Instructions to follow
Give again, word for word, the line holding "Model: GAUZE PAD-S 거즈패드(소형)/6PCS 에이스패드 ₩3,000" and every line after it through the end of the data below. Omit pictures.

__________________________________________________

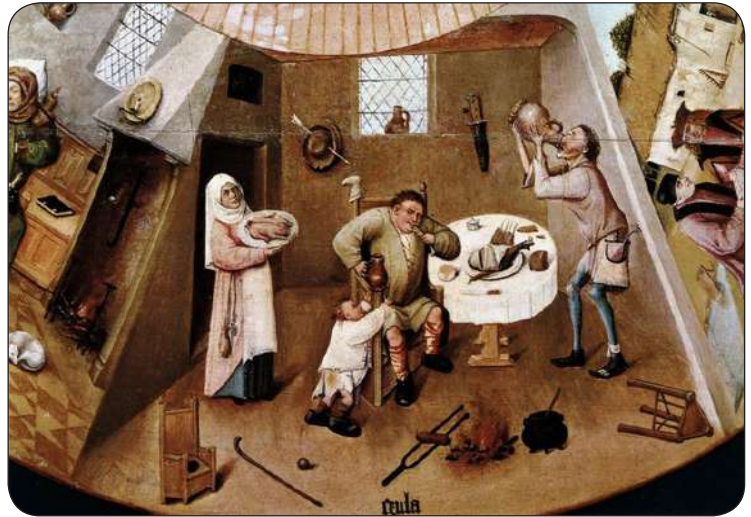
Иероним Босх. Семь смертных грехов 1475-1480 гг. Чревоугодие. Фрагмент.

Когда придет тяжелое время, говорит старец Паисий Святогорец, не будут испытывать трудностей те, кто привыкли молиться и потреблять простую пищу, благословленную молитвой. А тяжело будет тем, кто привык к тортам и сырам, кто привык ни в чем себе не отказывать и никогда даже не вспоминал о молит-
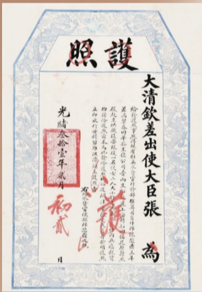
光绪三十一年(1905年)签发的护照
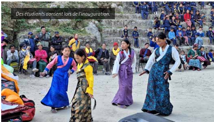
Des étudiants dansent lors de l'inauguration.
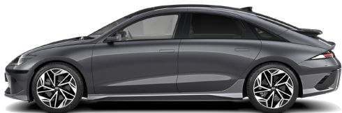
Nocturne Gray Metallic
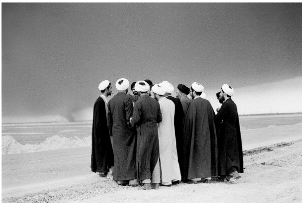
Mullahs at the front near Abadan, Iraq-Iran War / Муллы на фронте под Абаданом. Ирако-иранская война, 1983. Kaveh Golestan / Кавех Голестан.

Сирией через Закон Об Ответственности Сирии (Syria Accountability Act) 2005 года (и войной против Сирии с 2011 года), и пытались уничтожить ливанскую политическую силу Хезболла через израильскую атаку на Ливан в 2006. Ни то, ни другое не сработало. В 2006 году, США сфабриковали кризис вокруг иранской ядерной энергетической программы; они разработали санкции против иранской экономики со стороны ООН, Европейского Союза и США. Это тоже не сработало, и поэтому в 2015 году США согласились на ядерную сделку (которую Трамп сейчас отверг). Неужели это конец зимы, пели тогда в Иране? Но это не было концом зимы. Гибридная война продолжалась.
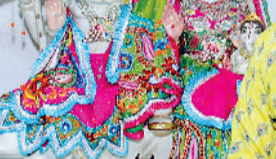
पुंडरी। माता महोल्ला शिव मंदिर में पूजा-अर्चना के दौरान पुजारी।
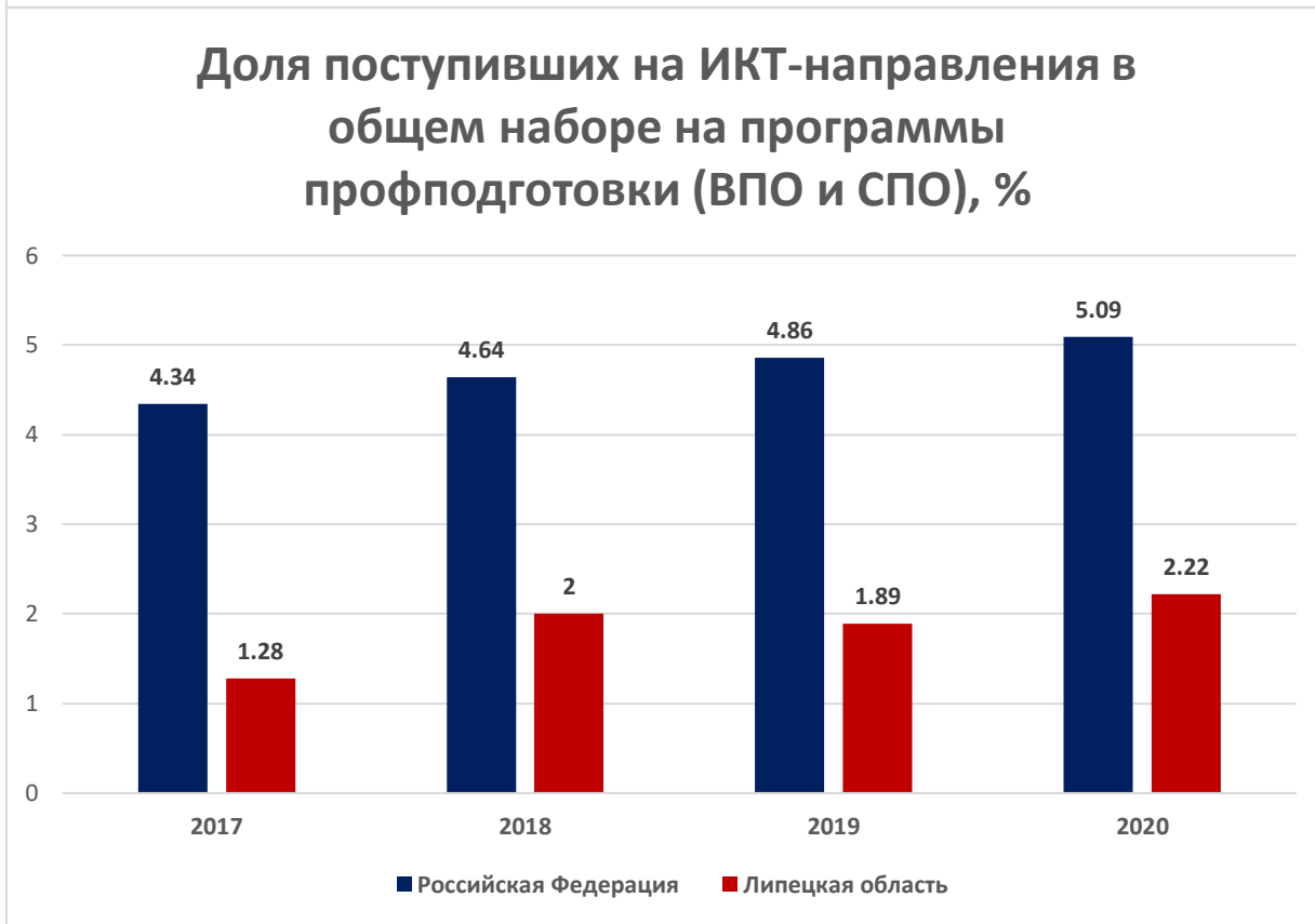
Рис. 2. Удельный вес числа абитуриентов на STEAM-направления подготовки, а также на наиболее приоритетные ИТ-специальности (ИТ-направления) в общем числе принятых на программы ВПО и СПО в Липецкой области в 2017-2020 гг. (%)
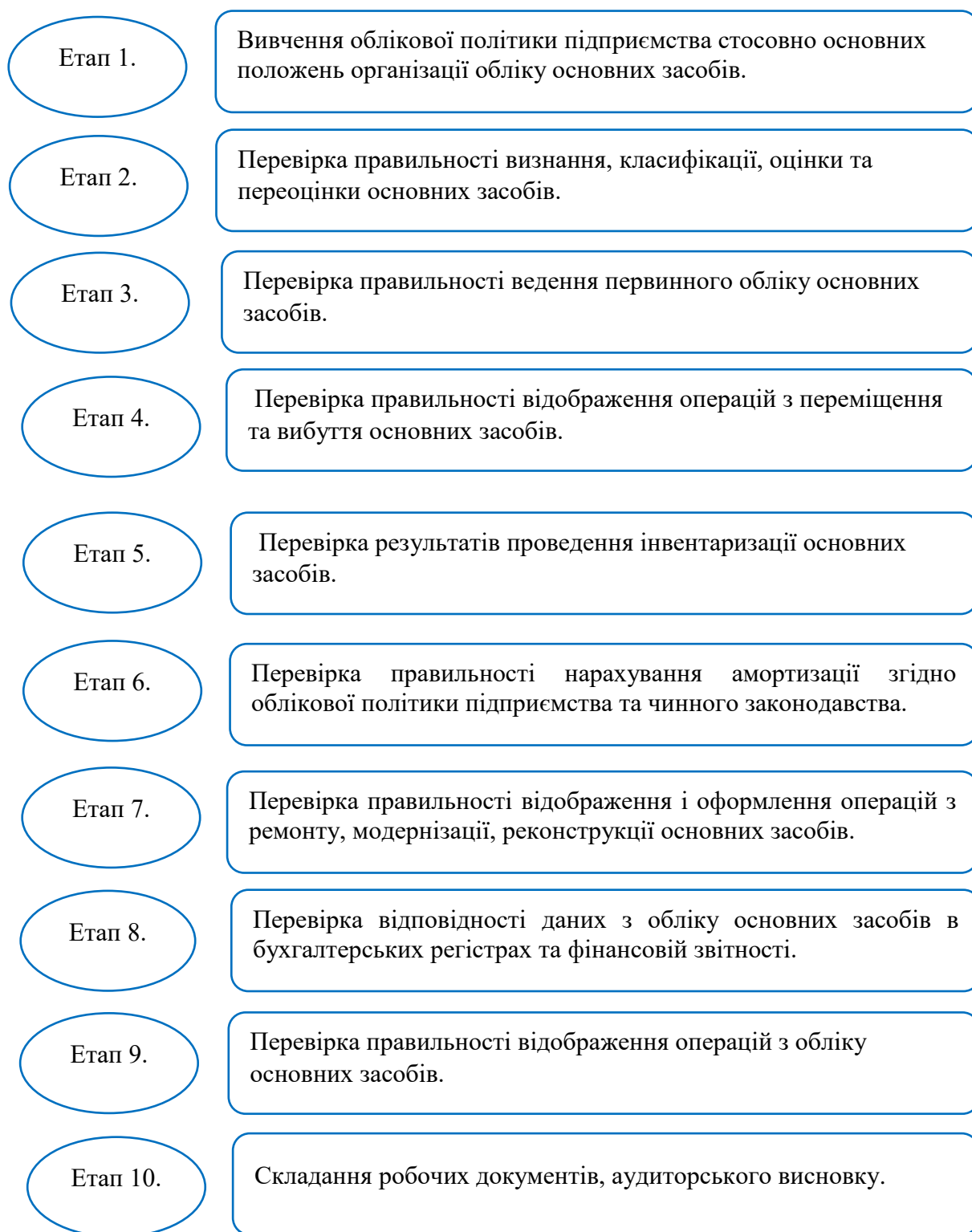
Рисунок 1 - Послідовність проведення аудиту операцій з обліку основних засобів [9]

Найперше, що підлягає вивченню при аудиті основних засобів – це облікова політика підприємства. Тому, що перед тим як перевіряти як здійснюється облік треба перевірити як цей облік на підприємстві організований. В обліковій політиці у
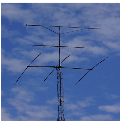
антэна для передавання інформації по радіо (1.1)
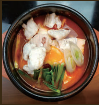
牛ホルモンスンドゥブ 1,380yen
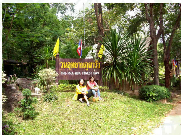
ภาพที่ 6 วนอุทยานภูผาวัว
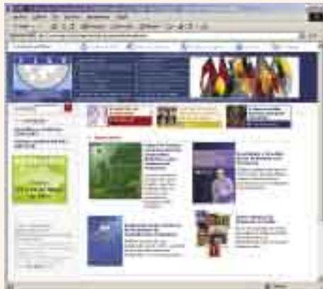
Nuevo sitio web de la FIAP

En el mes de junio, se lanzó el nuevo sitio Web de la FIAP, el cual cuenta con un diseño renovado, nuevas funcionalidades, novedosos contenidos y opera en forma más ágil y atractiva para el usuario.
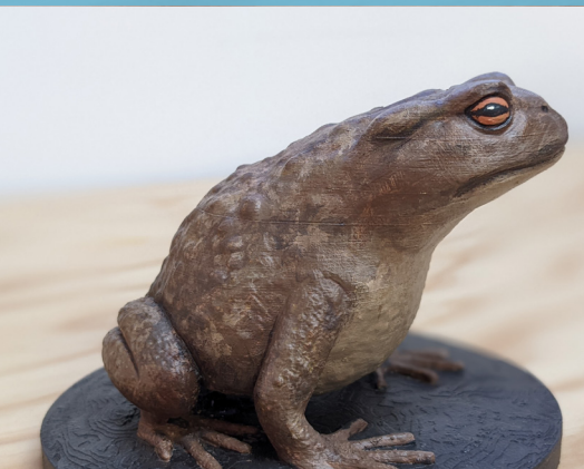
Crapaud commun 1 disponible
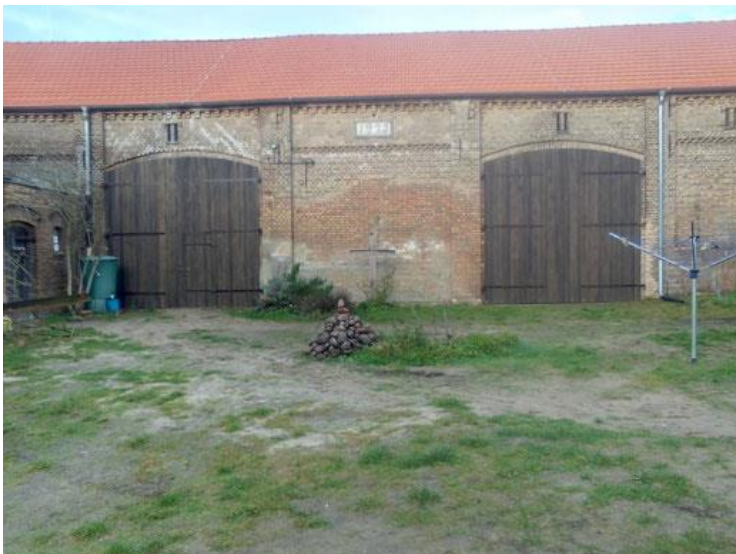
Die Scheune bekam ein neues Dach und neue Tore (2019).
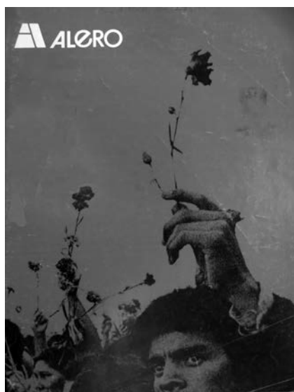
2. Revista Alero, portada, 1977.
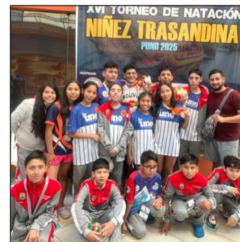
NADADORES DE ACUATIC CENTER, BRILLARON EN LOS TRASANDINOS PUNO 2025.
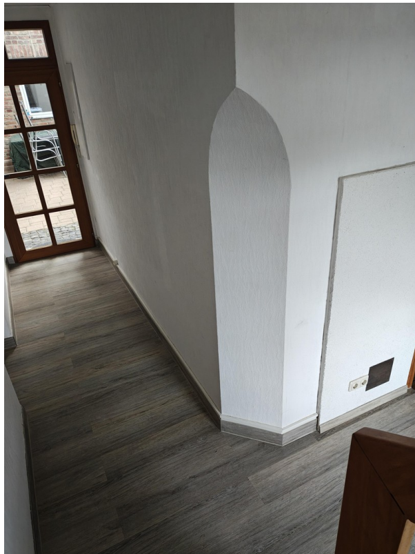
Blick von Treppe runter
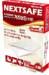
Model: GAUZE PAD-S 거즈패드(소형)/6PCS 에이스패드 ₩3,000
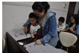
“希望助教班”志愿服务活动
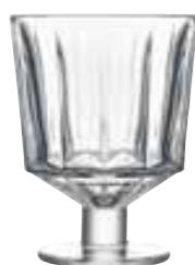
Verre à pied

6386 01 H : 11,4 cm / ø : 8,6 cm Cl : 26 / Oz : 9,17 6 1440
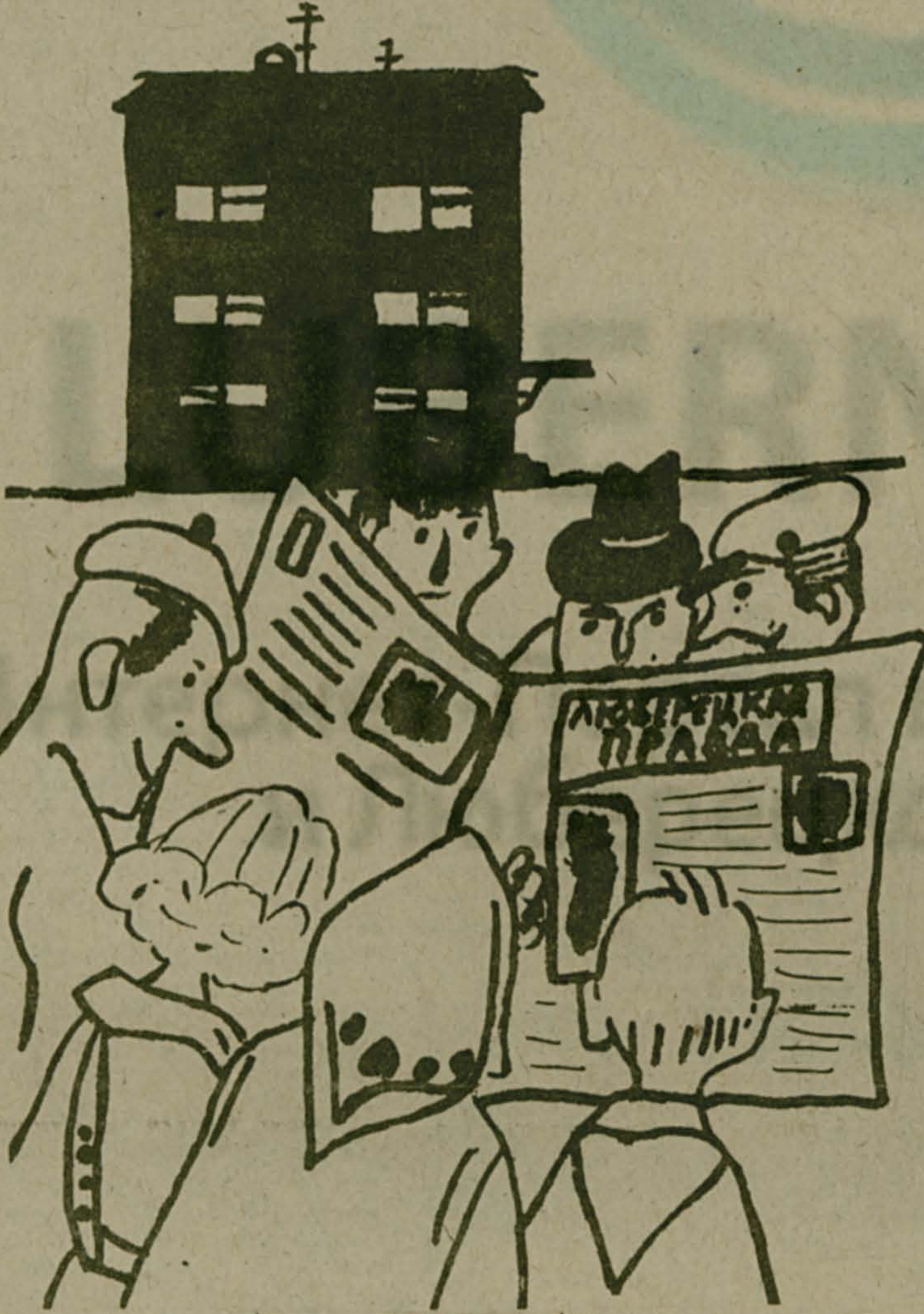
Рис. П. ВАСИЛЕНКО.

__________________________________________________

Problem solution
Model: GAUZE PAD-S 거즈패드(소형)/6PCS 에이스패드 ₩3,000
“希望助教班”志愿服务活动
Verre à pied

6386 01 H : 11,4 cm / ø : 8,6 cm Cl : 26 / Oz : 9,17 6 1440
Рис. П. ВАСИЛЕНКО.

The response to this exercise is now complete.